An borrowed a single-engine plane from the Okuri Aviation School and on December 10, 1922, flew the plane over the Yeouido island. Though it was not the first public plane flight in Korea, roughly 50,000 people visited Yeouido island to watch the first Korean fly a plane in his motherland. The flight was relatively simple, with An simply circling over the crowd. Following the display, he additionally flew in Seoul and made flight to Incheon. However, due to bad weather, plans to fly to more cities was cancelled. On his homecoming flight, he landed at the same airport he took off in. Donga Ilbo, a major Korean newspaper at the time, sponsored An's flights and documented his aviations and achievements. He returned to Japan after his flights over Korea in late December of the same year.

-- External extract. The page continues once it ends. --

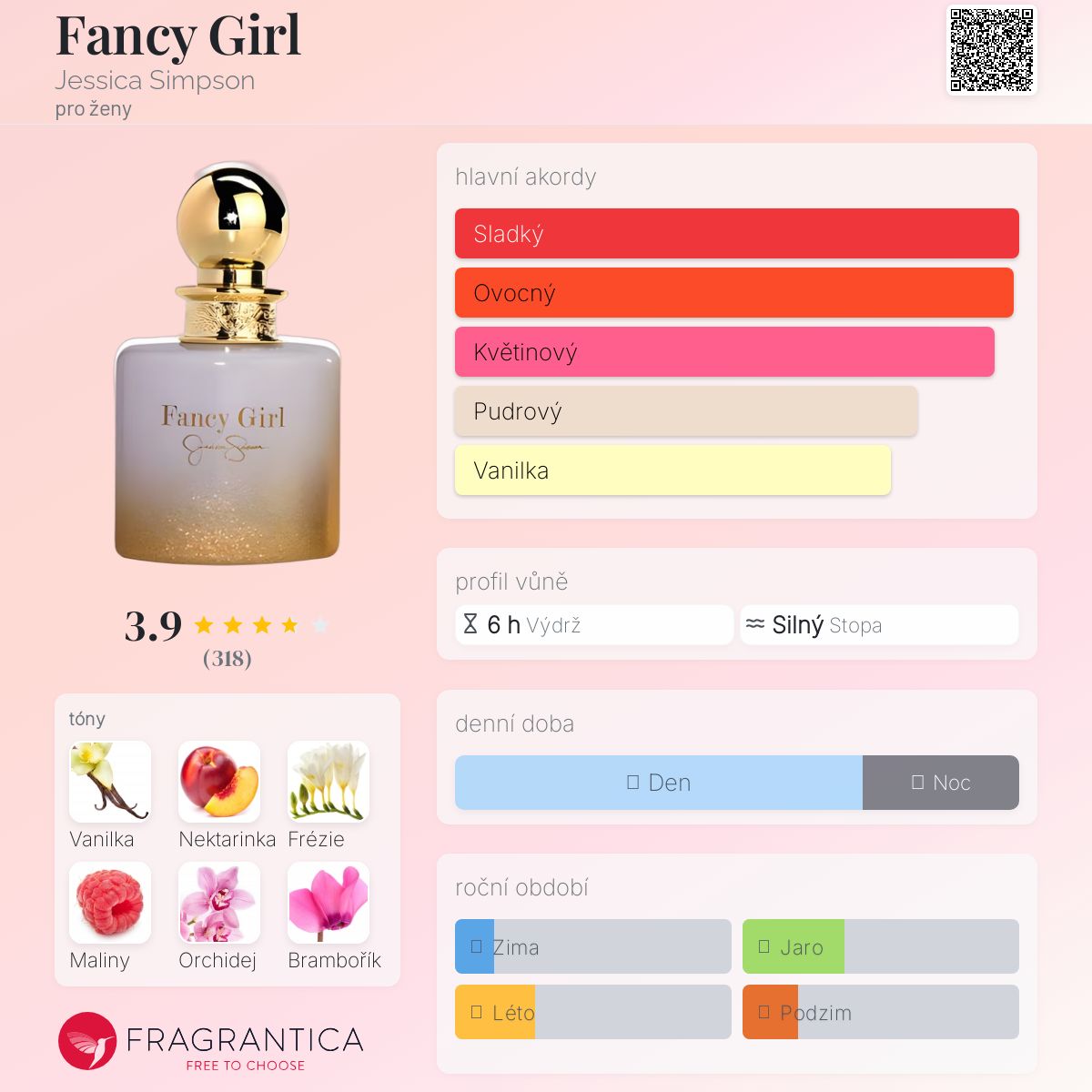 Fancy Girl podle Jessica Simpson je Floral Fruity vůně pro ženy. Fancy Girl byl/a uveden/a v roce 2014. Vrchní tóny jsou Nektarinka, Maliny a Hruška; střední tóny jsouFrézie, Orchidej a Brambořík ; základní tóny jsou Vanilka, Pižmo, Jantar (ambra) a Santalové dřevo.

In 1925, An was forced to evacuate to China after facing oppression in Japan. Tokyo earthquake of 1923 and the subsequent anti-Korean riots may have played a major factor in his decision. After few years of residing at China (in which Korean nationalism prospered), he began to advocate for Korean independence movement. Despite his newfound activities, An's involvement in aviation did not end here. He established a flying school in response to an offer from Chinese warlords. He died while on a flight that crashed in April 1930. Although the cause of the accident was not supported by evidence, some historians speculate that foul play by Japanese officials may have been involved.

He was posthumously awarded South Korea's Order of Merit for National Foundation in 2003.